Overall, Dimon has held firm to his anti-crypto stance over the years, although JPMorgan has gradually embraced blockchain technology and begun offering crypto investing services as its clients, like investors anywhere else, can’t resist the temptation of buying into the hype.

In October of last year, JPMorgan created a new unit for blockchain projects. This August, the bank started giving its wealth management clients access to crypto funds.

“I don’t want to be a spokesperson. I don’t care. I don’t think you should smoke cigarettes, either,” Dimon joked on Monday, adding, “our clients are adults. They disagree. That’s what makes markets. So, if they want to have access to buy yourself bitcoin, we can’t custody it but we can give them legitimate, as clean as possible, access.”

In a recent episode of Axios on HBO aired last week, Dimon told Axios CEO Jim VandeHei that Bitcoin has “no intrinsic value” and predicted that “regulators are going to regulate the hell out of it.”

“I’ve always believed it’ll be made illegal someplace, like China made it illegal, so I think it’s a little bit of fool’s gold,” he said.

He may be right. On Friday, Bloomberg reported that the Biden administration is weighing an executive order on cryptocurrencies as part of an effort to set up a government-wide approach to regulate the overhyped asset class.

The news came a few days after Federal Reserve Chairman Jerome Powell told Congress that the central bank has “no intention to ban” cryptocurrencies in the U.S. However, Powell said stablecoins, a special type of digital currency that are supposed to be pegged to reserve assets like the U.S. dollar, should be subjected to more regulation.

“Stablecoins are like money market funds, like bank deposits. But they’re to some extent outside of the regulatory perimeter and it’s appropriate that they be regulated,” Powell told the House Committee on Financial Services during a hearing on September 30.

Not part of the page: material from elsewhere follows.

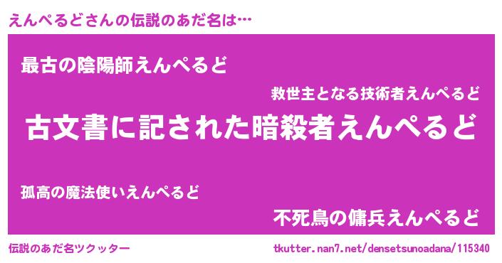 | 意味不明あだ名 | 『永久保存えんぺるど』『自称えんぺるど』 |

A week before Powell’s testimony, China’s central bank in a public notice declared all cryptocurrency activities illegal and vowed to crack down on crypto-related businesses, including overseas crypto exchanges providing services in mainland China.

Bitcoin price fell about 5 percent on the news to $41,000 the next day. It has rebounded since then. The cryptocurrency is currently trading at around $56,230, with a market cap of $1.07 trillion, making the virtual asset class more valuable than 99 percent of publicly traded companies in the world.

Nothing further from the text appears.